Они пререкались до тех пор, пока не разошлись по своим комнатам спать. С утра Татьяна отправилась на службу, а в начале четвертого за ней заехал Дорогань. До этого они ни разу не встречались, и мина на лице у кинопродюсера, когда он увидел знаменитую писательницу Томилину, была, прямо скажем, весьма выразительной. Неуклюжая толстуха с выпирающим животом и мучнисто-белым лицом совершенно не походила на ту милую женщину, чья улыбка сияла с глянцевых книжных обложек. С трудом забравшись в высокий салон «Аэростара», на котором приехал Дорогань, она заявила:
– Уважаемый Всеволод Семенович, нам нужно с вами договориться сразу, чтобы потом не было недоразумений. Уланов знает, кто я и где работаю?
– По-моему, он вас вообще не знает, – весело хмыкнул продюсер. – Вы уж не обижайтесь, но мне показалось, что ваше имя он слышал впервые, когда я ему звонил.
– Вот и отлично. Кому еще вы говорили о том, что я следователь?
– Да вроде никому, – он задумался на несколько мгновений, потом добавил уже тверже: – Точно никому.
– Откуда у вас мой телефон? Вы же звонили мне домой два месяца назад, помните?
– Ваш муж дал мне номер, я его просил. Вернее, даже не так. Я обратился к нему с просьбой дать мне возможность связаться с вами, и он сам набрал номер и передал мне трубку. Я разговаривал с вами из его кабинета в «Сириусе». А почему вы спрашиваете?
– Я спрашиваю потому, что хочу сохранить род своих занятий в секрете, и в первую очередь от господина Уланова. В доме, где вы живете, все знают, что вы занимаетесь кинобизнесом, знакомы со многими режиссерами и имеете отношение к съемкам фильмов?
– Ах, вы об этом? – Дорогань оглушительно расхохотался. – Да, конечно, я вас понимаю. Меня одолевают просители в лице юных див и их родителей. А вас кто? Поклонники?
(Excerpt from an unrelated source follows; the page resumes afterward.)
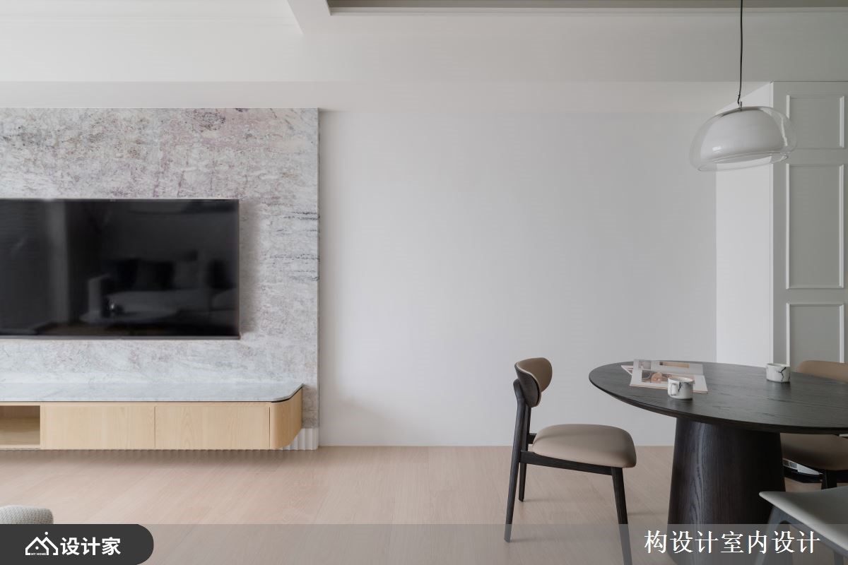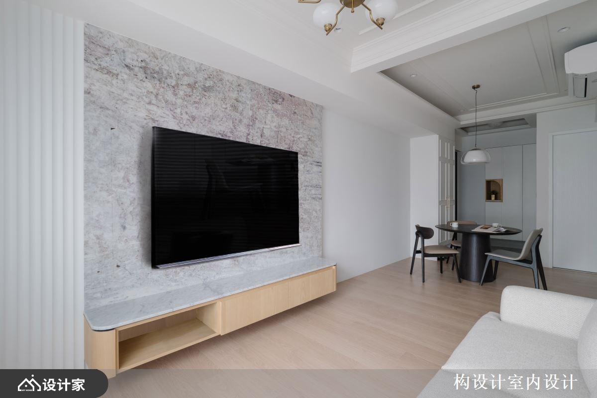 3.客厅: 客厅延续全室简约欧式古典设计,以纯净的白色涂料铺叙空间,天花板装饰线板呈现搭带金色元素的吊灯,诠释现代优雅的空间氛围,简约设计和淡雅色系也有助于放大空间。电视主墙使用大理石材并透过细腻工法连接电视柜台面,创造由立面延伸道平面的整体感,刻画出欧式古典风格的精致质感。

– Тоже просители. Первое время я была настолько глупа, что не скрывала своей принадлежности к МВД, и в результате меня буквально осаждали с просьбами разобраться в их деле и повлиять на других следователей, судей и даже прокуроров. Так что пришлось уйти в глухое подполье. Были и такие, которые хотели лично высказать мне, что им нравится и что не нравится в моих книгах. Они не хотят понимать, что я пишу так, как пишу, и по-другому писать не буду, потому что пишу так, как мне самой нравится, как я чувствую. А если им не нравится, так пусть не читают, никто же их не заставляет, правда? Все читатели разные, и все писатели тоже разные, у каждого автора есть своя читательская ниша, свой контингент, которому по душе именно эти книги, и слава Богу. А стараться учесть замечания и пожелания всех без исключения – это глупо и бесперспективно. Я буду нравиться тем, чьи пожелания учту, и тут же разонравлюсь из-за этого кому-то другому. Это процесс бесконечный. Ни один автор не может нравиться всем подряд.
– Ясно. Значит, Уланову не говорим страшную правду?
– Никому не говорим. И имейте в виду, Всеволод Семенович, я – существо на редкость безжалостное. Если информация уйдет от вас, прав на экранизацию вы не получите. Даже если вы пригласите самого лучшего режиссера и голливудских звезд, даже если это будет такой фильм, который сможет получить «Оскара», я вам права не отдам.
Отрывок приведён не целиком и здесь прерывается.